Attendance: 39.000 (capacity: 40.000) - Support: Engine Alley, Utah Saints
Disc 1 (63:42)
01. TV: The Drug of the Nation (PA) / Drumming Boys (PA)
02. Zoo Station
03. The Fly
04. Even Better than the Real Thing
05. Mysterious Ways
06. One
07. Unchained Melody
08. Until the End of the World
09. New Year's Day
10. Numb
11. Tryin' to Throw Your Arms Around the World
12. Angel of Harlem
13. Stay (Faraway, so Close!)
14. Satellite of Love
Disc 2 (57:22)
01. Bad
02. The First Time (snippet)
03. Bullet the Blue Sky
04. Running to Stand Still
05. Where the Streets Have No Name
06. Pride (In the Name of Love)
07. - ZooTV Videoconfessionals -
08. Desire
09. Ultraviolet (Light My Way)
10. With or Without You
11. Love is Blindness
12. Can't Help Falling in Love
Recording Equipment - History
WM-D3 + mini mics > Analog 1st > CDR-1
Taper: Minerva Velasquez
Comments
Despite of being in Ireland, the show did not sell out, with a thousand tickets remaining and 39.000 people in attendance. Controversy happened before the show, and book U2 Live, written by Pimm Jal de la Parra (and Caroline Van Oosten de Boer), and published by Omnibus Press (2003), picks it up very well. Quoting it:
--Sales for Cork are initially slow, but pick up in the last few weeks and sell out but for a thousand. The Cork show is preceded by another controversy, when Cork County secretary Frank Murphy of the highly conservative Gaelic Athletics Association, who own the stadium, bans the sale of U2's 'Achtung Baby' condoms from their merchandise stands. U2 manager Paul McGuinness reacts by handing out handfuls of condoms for free to an eagerly accepting crowd. His action is criticised by the Lord Mayor of Cork, who is upset "because there were also 13-year olds in the audience". Of course, Bono uses his McPhisto character to take a sneer at Frank Murphy's decision. "Civilisation is crumbling, who can take it back from the the brink? The GAA, that's who!
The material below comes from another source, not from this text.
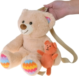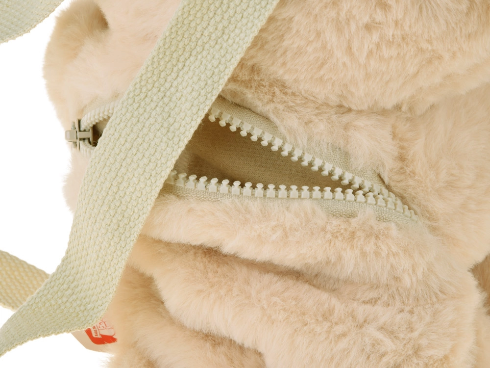 Ši švelni smėlio spalvos meškučio formos kuprinė sujungia žaislą ir praktišką krepšį viename. Spalvotos letenėlių ir ausyčių detalės, siuvinėta šypsena ir jaukus pūkuotas paviršius skatina vaiko vaizduotę ir suteikia patogumo nešiojant. Paslėpta užtraukiama kišenė talpina smulkius lobius, užkandį ar nosinaites.
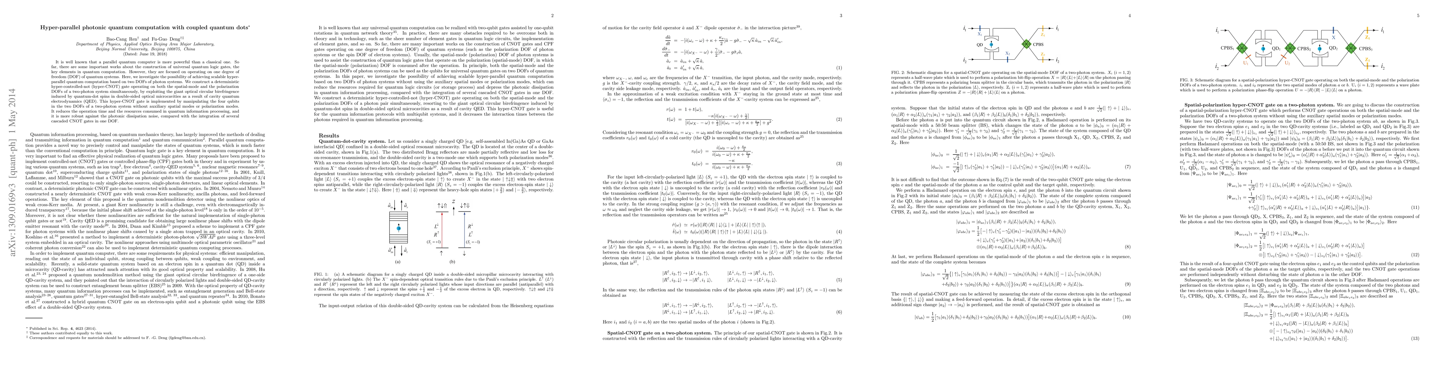 This paper proposes a scalable hyper-parallel quantum computation method using coupled quantum dots in optical microcavities to manipulate two degrees of freedom (DOFs) in photon systems. It introduces a deterministic hyper-controlled-not gate that operates on spatial-mode and polarization DOFs simultaneously, significantly reducing operation time and resource consumption compared to conventional methods.

We're their guests tonight, so there'll be no sale of condoms, no rubber Johnnies". The crowd laugh as he continues to ridicule Murphy: "We don't want the young people carried away on a sea of seed and desire, now we do? They'll be at it like rabbits, slaves to the devil's monument, delivered to the gates of the hell in latex jackets! Contraception, safe sex, AIDS: it's not their problem. No homo's, junkies or Haitians here tonight; just castrated, abstemious, happy families! Fine and dandy, not a willie in sight. And we got the GAA to thank for that". McPhisto delivers a brief rendition of an old Eurovision Song Contest entry, Dana's All Kinds of Everything, when he calls Frank Murphy, but nobody picks up. Murphy is in the stadium watching the show.--
This is a hard to find item, transferred from a first gen cassette by Dana Fletcher. The concert is complete, although it contains some small edits. Sound quality is very good, with all instruments well audible as they come through pretty clear. The major inconvenience here is that crowd noise is quite loud, with some singing and hard clapping near the taper, conversations, and a bunch of girls screaming hysterically here and there, that can be annoying. Hadn't it been for the crowd noise, this tape would have been rated as a bright "VG audience", as when people calm down, both music and vocals sound very solid.
A few small edits occur before Numb, at the end of Running to Stand to Still, after Pride, and after the 'ZooTV Videoconfessionals', but none of them bring major issues.